Opposite each of Ed Skelding’s powerful images you will find my running commentary or explanation, as well as a caption explaining a little of the photograph’s background and context. Many of Ed’s photographs, taken with such care during the last three years, have an ethereal quality. The space and depth within each provide the chance to ponder how evil could have left such a mesmerically attractive legacy. Within the commentary and explanation I have made use of a number of sources and devices:

♦ Illustrative extracts from Official History sources⁵.

♦ Extracts from other contemporary printed materials⁶ including personal accounts and diary extracts.

♦ Brief extracts from military unit records such as Divisional, Brigade or Battalion diaries.

♦ A map of the action or a map of the area/theatre of war.

♦ A contemporary image or photograph of the participants and locations.

These might be atmospheric images of soldiers and personalities or the terrible consequences of war, its unthinking death and destruction.

The extraordinary thing about the Great War is that its many layers can be peeled back as if by an archaeologist. Each layer is met by doubt that so many were involved, that so much was lost. Each look deeper into the history and its fascinating wealth of anecdote, detail, tragedy, inspiration and humanity is almost invariably accompanied by a period of reflection and self-appraisal, sometimes simply by a sense of sadness or even tears.

Your discovery of a little fragment of history, perhaps a walk where your antecedents fought, maybe a single charge case from a spent round plucked from the battlefield, a photograph in a rusty box in the attic, all invariably lead to a desire to find out more.

It is my hope that you will be able to return in person to each and all of these places. In their own ways every one will both haunt and reward your journeying to meet with their peculiar and transfixing ambience. It is as if by being there, in places which have been traumatised and raped by the very worst which the 20th century has done, that we as individuals can be renewed. These places provide opportunities to learn of our frailty, of our own strengths and the reasons why we should deploy that strength with caution, concern and liberality. When utilised by skilled teachers, the Somme is one of the greatest classrooms, a learning experience without equal. There I have seen some of the finest lessons driven home to enraptured students by teachers whose skill is enhanced and honed by being within this incredible environment. And those lessons have nothing to do with the promotion of nationalism or looking insensitively backwards in the belief that the men who fought the war were in some way a ‘lost and finer generation’. These places are full of the most important messages and lessons for young people today. They should be visited and learned from. We are all the better for doing so.
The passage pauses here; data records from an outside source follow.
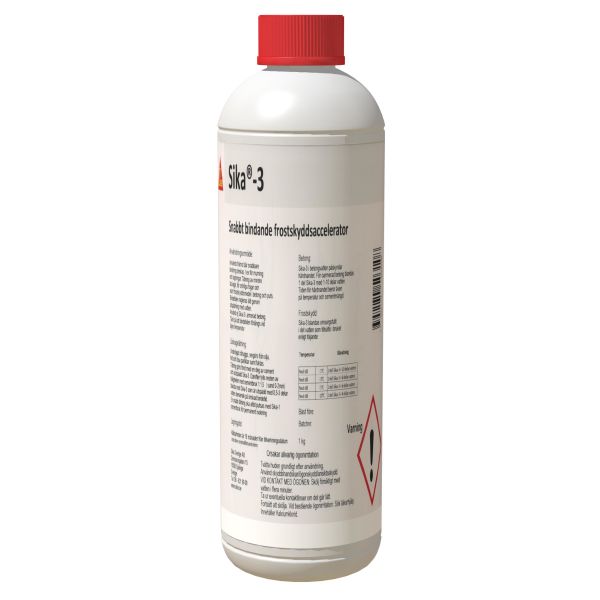 Sika-3 är en fryspunktnedsättande, accelererande tillsats baserad på kalciumklorid. Används främst där snabbare bindning önskas, t ex för murning och lagningar, tätning av mindre läckage, för orörliga fogar och som frostskyddsmedel i betong och puts.
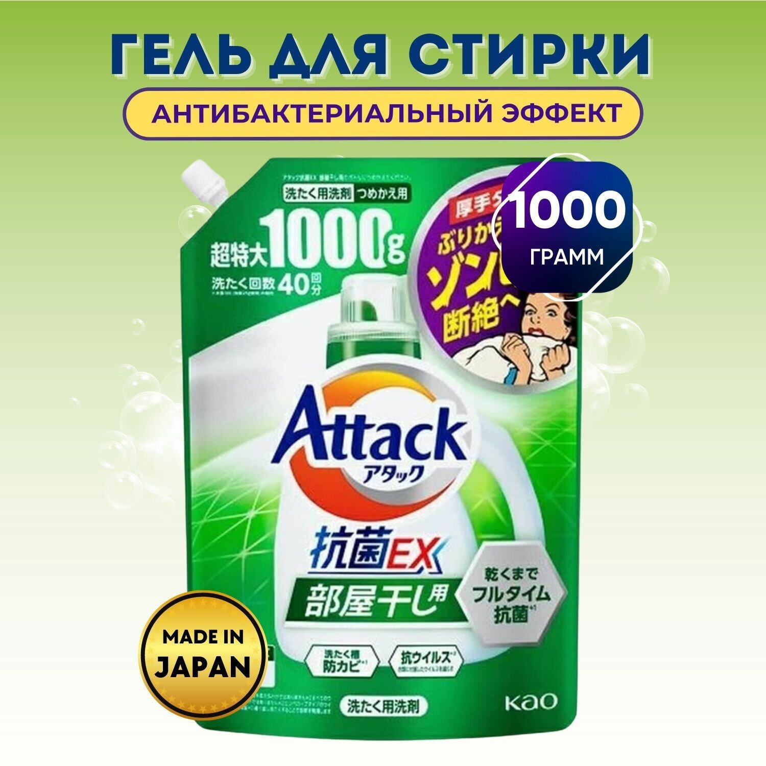 Купить KAO Attack Жидкое средство для стирки белья с антибактериальным эффектом и сушки в помещении сменная упаковка 1000 гр
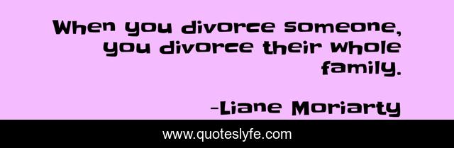 This page presents the quote "When you divorce someone, you divorce their whole family.". Author of this quote is Liane Moriarty. This quote is about divorce, family,.
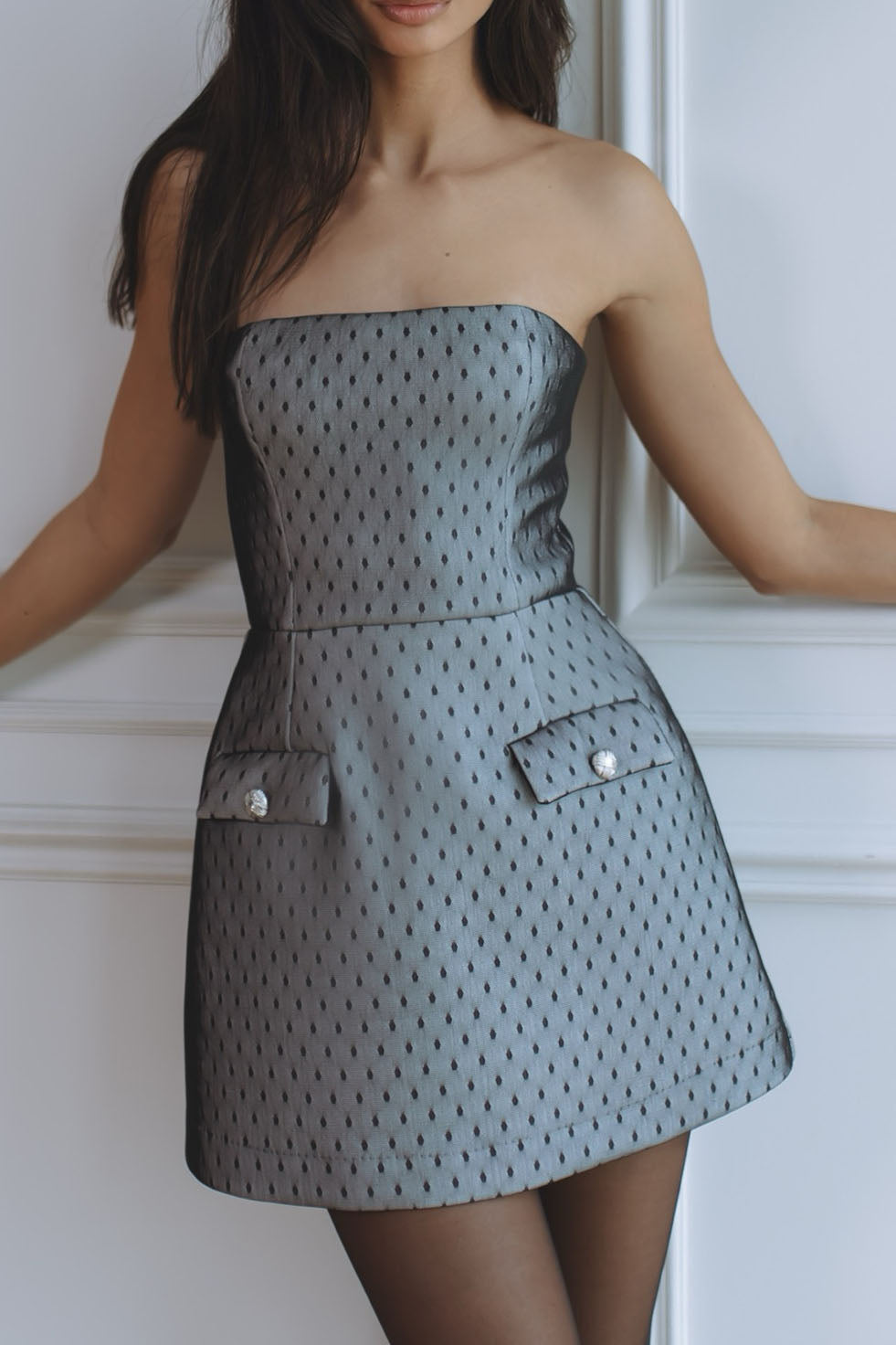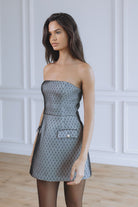 VICTORIA STRAPLESS HOURGLASS MINI DRESS - GREY
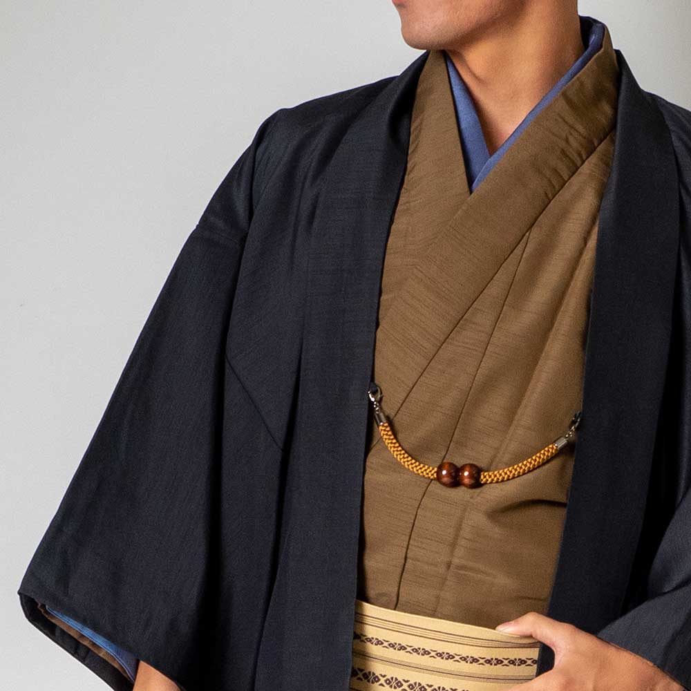 メンズ着物アンサンブル【対応身長170cm~180cm】【 Lサイズ】フルセットー着物ブラウン×羽織ブラック 着流し 羽織 パパ着物 父親 春 秋 冬 着付け簡単 おしゃれ着 カジュアル 貸衣装 レンタル衣
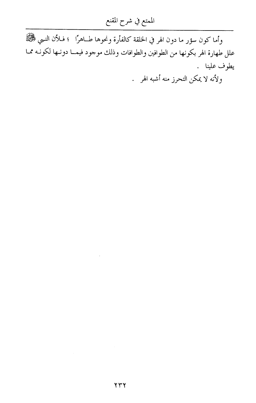 وأما كون سؤر ما دون الهر في الخلقة كالفأرة ونحوها طاهرًا؛ فلأن النبي - صلى الله عليه وسلم - علل طهارة الهر بكونها من الطوافين والطوافات وذلك موجود فيما دونها لكونه مما يطوف علينا.
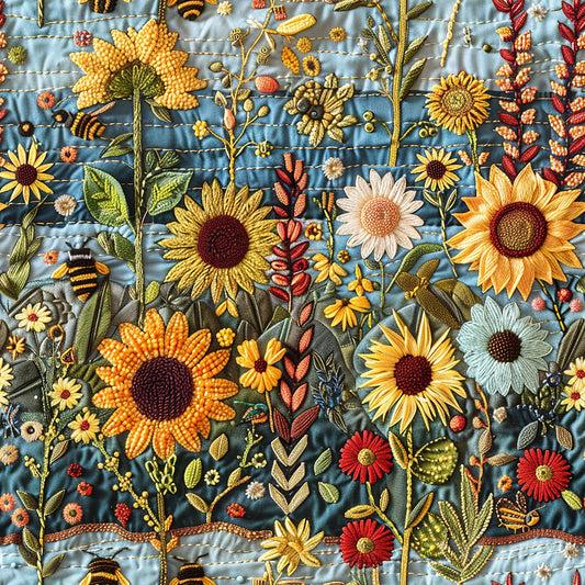 Embroidered Sunflowers and Bees on Bamboo Stretch French Terry Fabric

If you haven’t yet been, to some or all of these places, I can only counsel that you should. If you have, and are familiar with the places pictured within this book, I can only hope that its imagery is both evocative and meaningful.

Michael Stedman, Leigh, Worcestershire. May 1999.

The Photographer’s Perspective

Of all the twentieth century’s grim wars, the First World War stands out as a particularly tragic event. Many hundreds of thousands of men marched off to their deaths in a series of desperate battles that would ultimately become known as the Great War. It was great in terms of the number of nations involved, in the number of places across the world where the battles took place, but most of all it is remembered for the great number who were killed.

More than ten million people died, most of them on battlefields whose names became part of everyday conversation during the war years of 1914 to 1918: places like Mons and Loos and Vimy Ridge. But there were three that emerged as the most dreaded: Gallipoli, the Somme and Passchendaele. All three had particularly tragic twists that added both to their evil reputations and to the death tolls, giving them a special place in the public memory.

In recent years interest in the Great War has risen steadily, growing beyond that of the military enthusiast or of the groups and institutions dedicated to preserving its memory.